At once, they all leave their games, and gather around him.
Oh, Santa Claus, cries WALTER, have you come to play with us?
How can I play with you? answers SANTA CLAUS. I'm far too big, and
far, far too old. One of the fairies has gone to the table, and
gotten a plate of plum pudding, which she now offers to Santa Claus.
What's this? he asks. Plum pudding? Well, I never could resist that.
He begins to eat it. This surely is a first-class pudding. He takes
another spoonful. Why, what's this? A nut in the pudding? A
hazel-nut! He stops short, and holds the plate away from him. A
hazel nut! he exclaims again. I declare, I'd clean forgotten all
about that. And now I've gone and eaten one. Goodness! Is it going to
work, I wonder. He puts the plate down on the table. Yes, I feel it
coming. Yes, it's come. I've just got to crawl under that table. Get
out of the way there. I've got to do it. It's no use trying not to.
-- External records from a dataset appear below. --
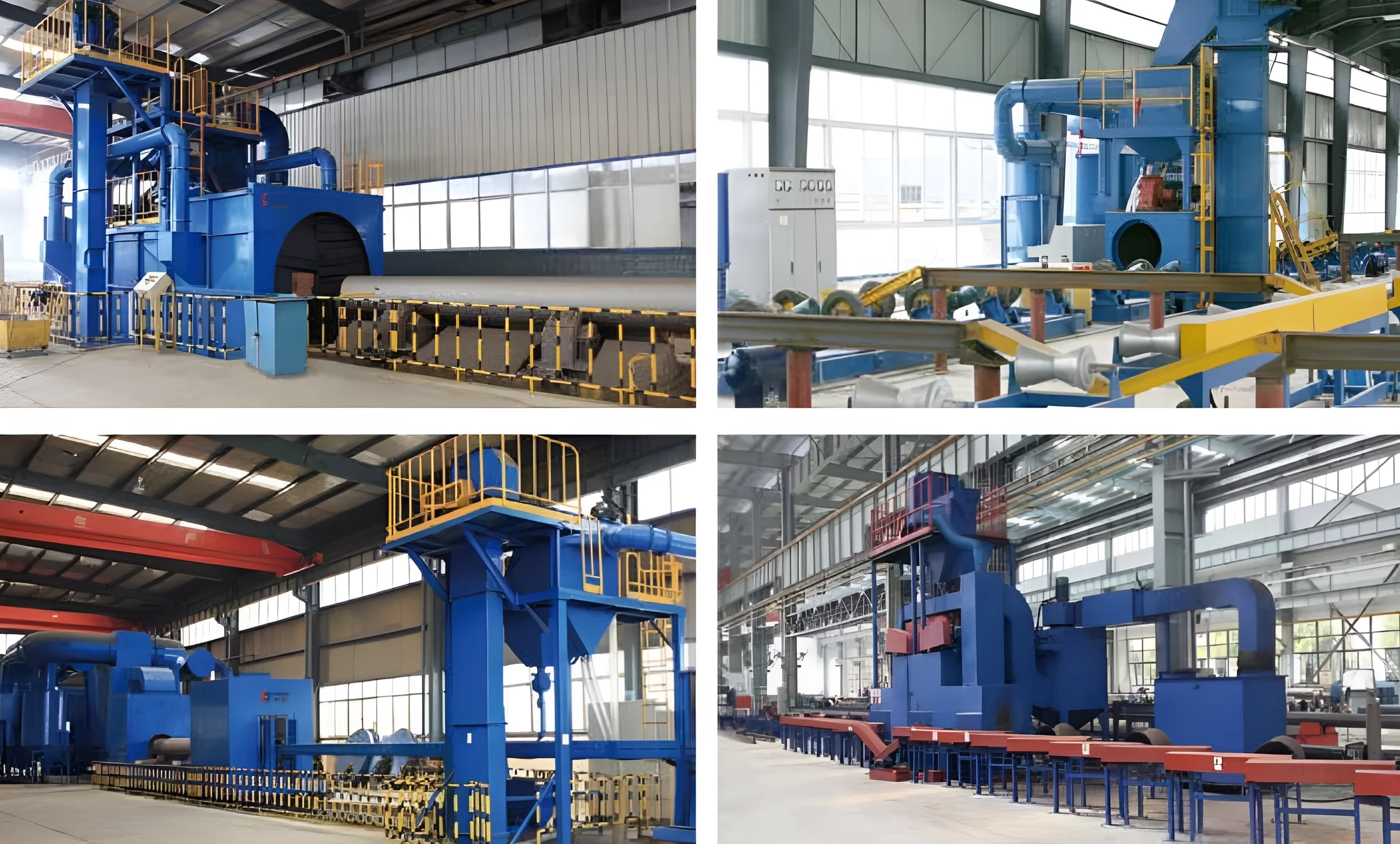 Конвейерная дробеметная установка S-T720 – это высокопроизводительное оборудование, предназначенное для быстрой и эффективной очистки поверхностей труб большого диаметра от загрязнений, ржавчины и окалины. Установка состоит из двух основных компонентов – дробеметной камеры, которая производит очистку деталей, и конвейера, который обеспечивает подачу деталей в зону очистки.
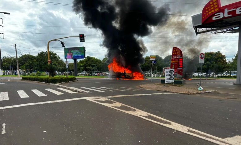 VÍDEO – Veículo que transportava pacientes em hemodiálise pega fogo em Imperatriz
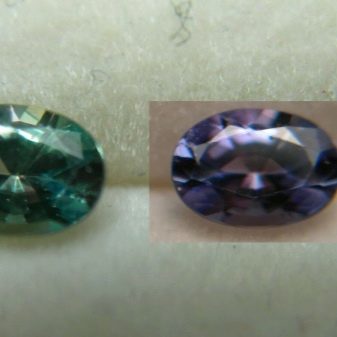 Alexandrit berühmt für doppelte Farbe. Die Farbe des Minerals reicht von dunkelblau-grün bis grün mit einem olivfarbenen Farbton. Diese Farbe ist tagsüber typisch für Stein, und mit Beginn der Dämmerung erhält Alexandrit verschiedene Rotvioletttöne. Dieser Effekt wird aufgrund der Eigenschaften des Kristallgitters erreicht.
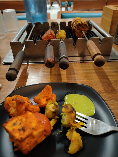 Its not so good nor bad bcs they have buffet which everyone like but it's quite expensive 303rs per person. Its kinda great deal for others but not for me. I guess its bcs I'm very stingy but well lets talk abt their food. Their food wasn't that great. And in barbeque i only like potato and paneer one. Crispy corn was good too and gulabjamun. They have pastries too but they are very small and I didn't like the way they tasted. I heard they hve 3 pani puri counters but i only saw one and there were only two flavours available which you can find in street stall. Sweet and spicy water. 🤷🏻♀️ I recommend everyone to just try. But its not for all time fav kinda restaurant. For me its one time try. I'll not go again but if someone's giving me party there then why wouldn't i 🤣 we all like free foods only from our close ones. Not talkin' abt frnds or whatever so its only...
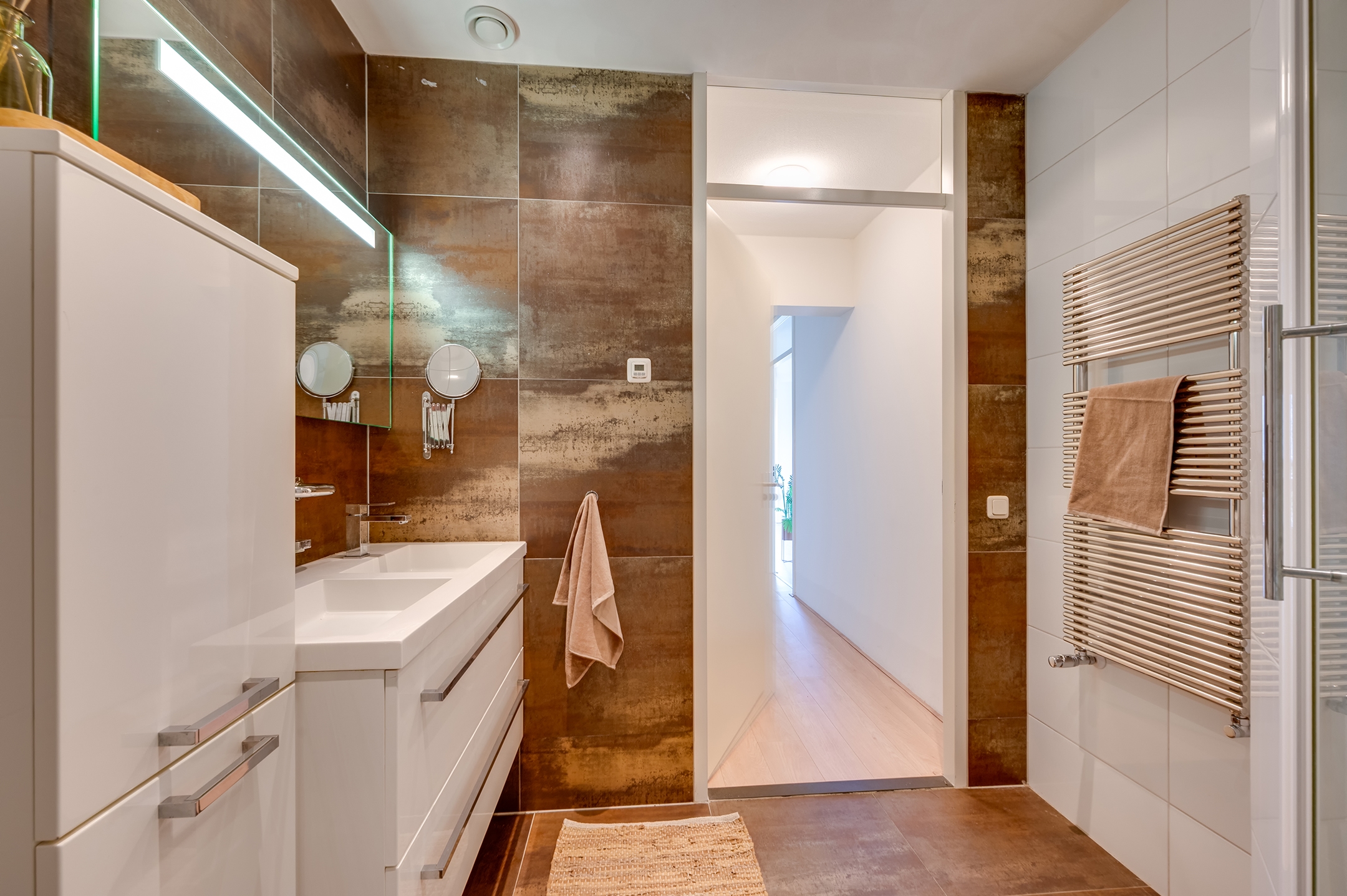 7. Badkamer met vloerverwarming, dubbele wastafel en douchecabine
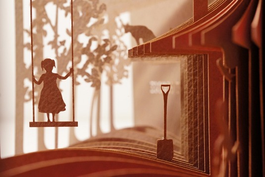 Japanese artist and designer Yusuke Oono creates books that open up to tell their stories as a multi-layered 3D scene. Each page is a separate laser cut plane, and together they make up deep and gorgeous 3D images that reveal the story as you make your way from the front to the back of the book.
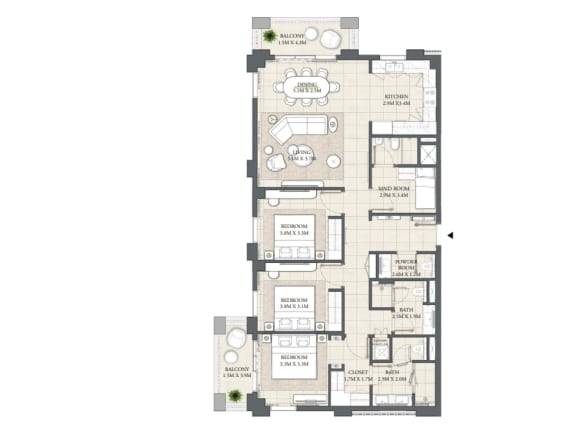 Experience coastal luxury in a stunning three-bedroom apartment at EMAAR Moor, where elegant design meets serene waterfront living. Is a premium development by Emaar located in Dubai Creek Harbour, offering comfortable 1 to 3-bedroom residences. The project comprises four stylishly designed buildings, each featuring a ground floor, mezzanine, and 5 to 8 residential levels.
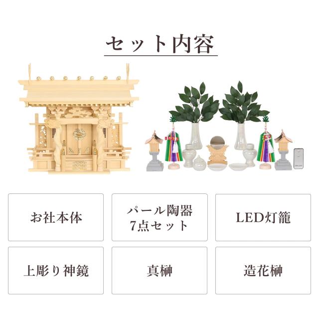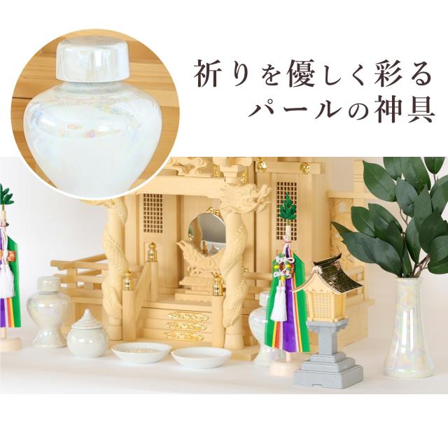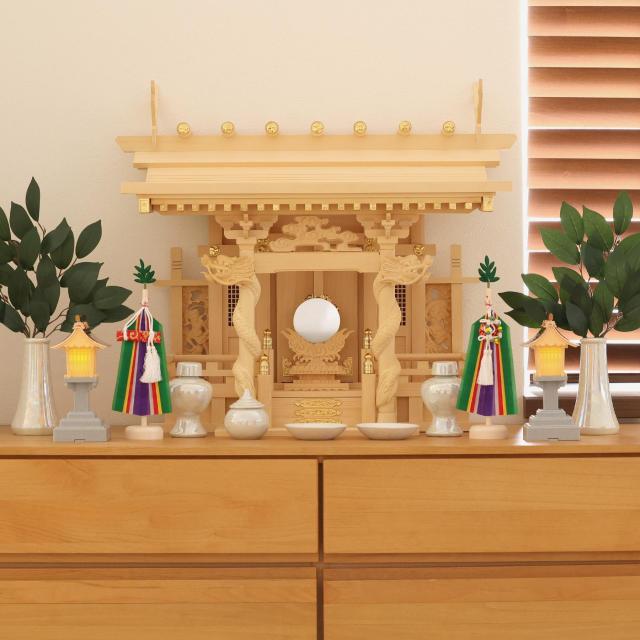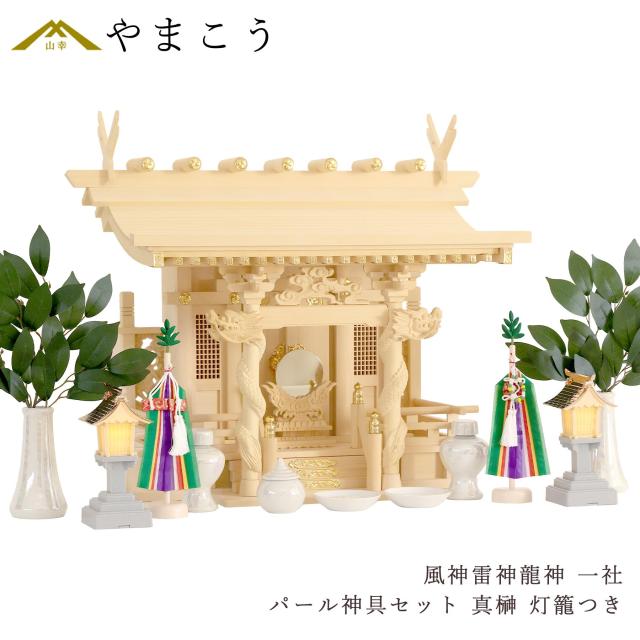 神棚セット 風神雷神龍神 宿る神々 真榊 パール神具セット LED灯篭 雄大 一社 檜葉製
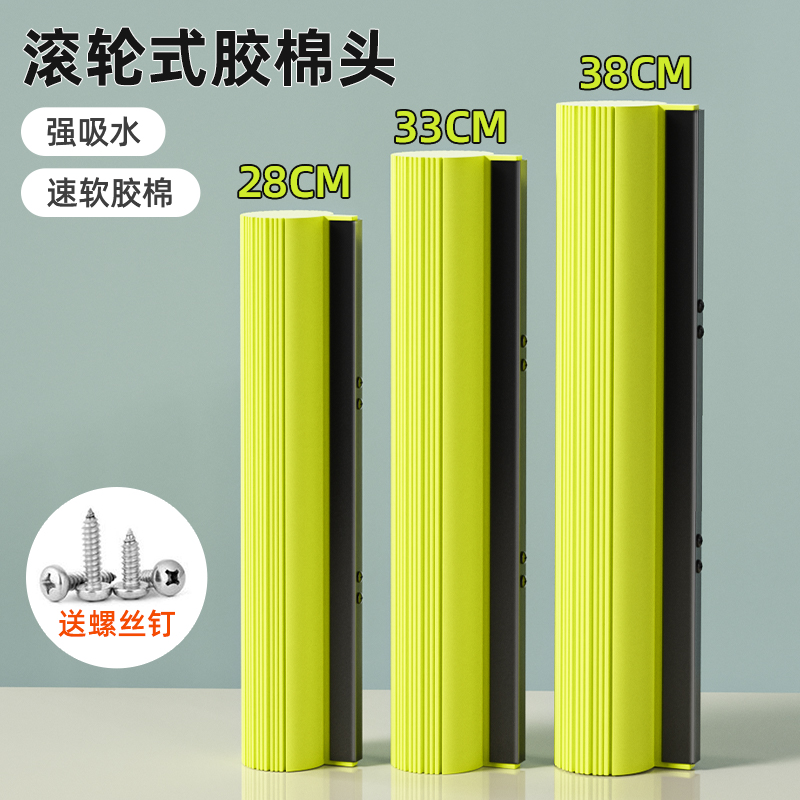 美添乐对折式 胶棉头海绵头替换头通用吸水拖布头 胶棉头滚轮式
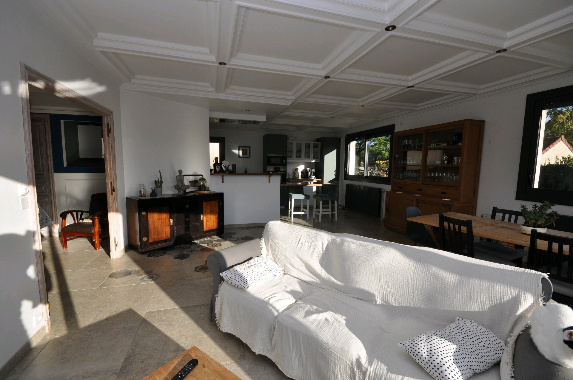 lavabo) et un bureau, plus une partie grenier aménageable. Nombreux travaux récents (isolation générale, carrelage de qualité dans les pièces à vivre, double vitrage en aluminium dont une baie vitrée,
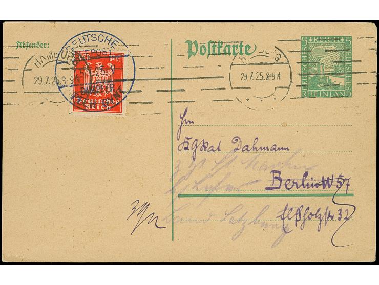“DSP DAMPFER PEER GYNT 25.7.25” in Violett klar auf Dahmann-Ganzsachenkarte ohne Text, frankierte Schiffspostkarte mit violettem Nebenstempel "Zur Erinnerung…Peer Gynt der Reederei Viktor Schuppe…" und in der Mitte geteiltes Telegramm von Spitzbergen 1924 an den D. Peer Gynt. Dazu stark gebrauchte Speisekarte “Festmal beim Kalifen Harun al Raschid” und Prosprekt “Nordlandfahrten 1925”
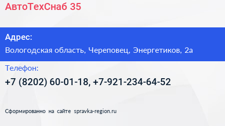 АвтоТехСнаб 35 по адресу Вологодская область, Череповец, Энергетиков, 2а в дальнейшем Организация, размещена в следующих категориях:

The children, the brownies, and the fairies are all delighted, and
laugh, and dance up and down, and clap their hands.
WALTER cries out, Go on, Santa. You'll make a jolly boy.
Down goes Santa Claus on his hands and knees, and crawls under the
table. When he comes out on the other end, he is a little roley poley
boy, smaller and fatter than any of the others, and dressed in white
with red trimmings. All the others join hands with him in a circle,
and they swing around gleefully.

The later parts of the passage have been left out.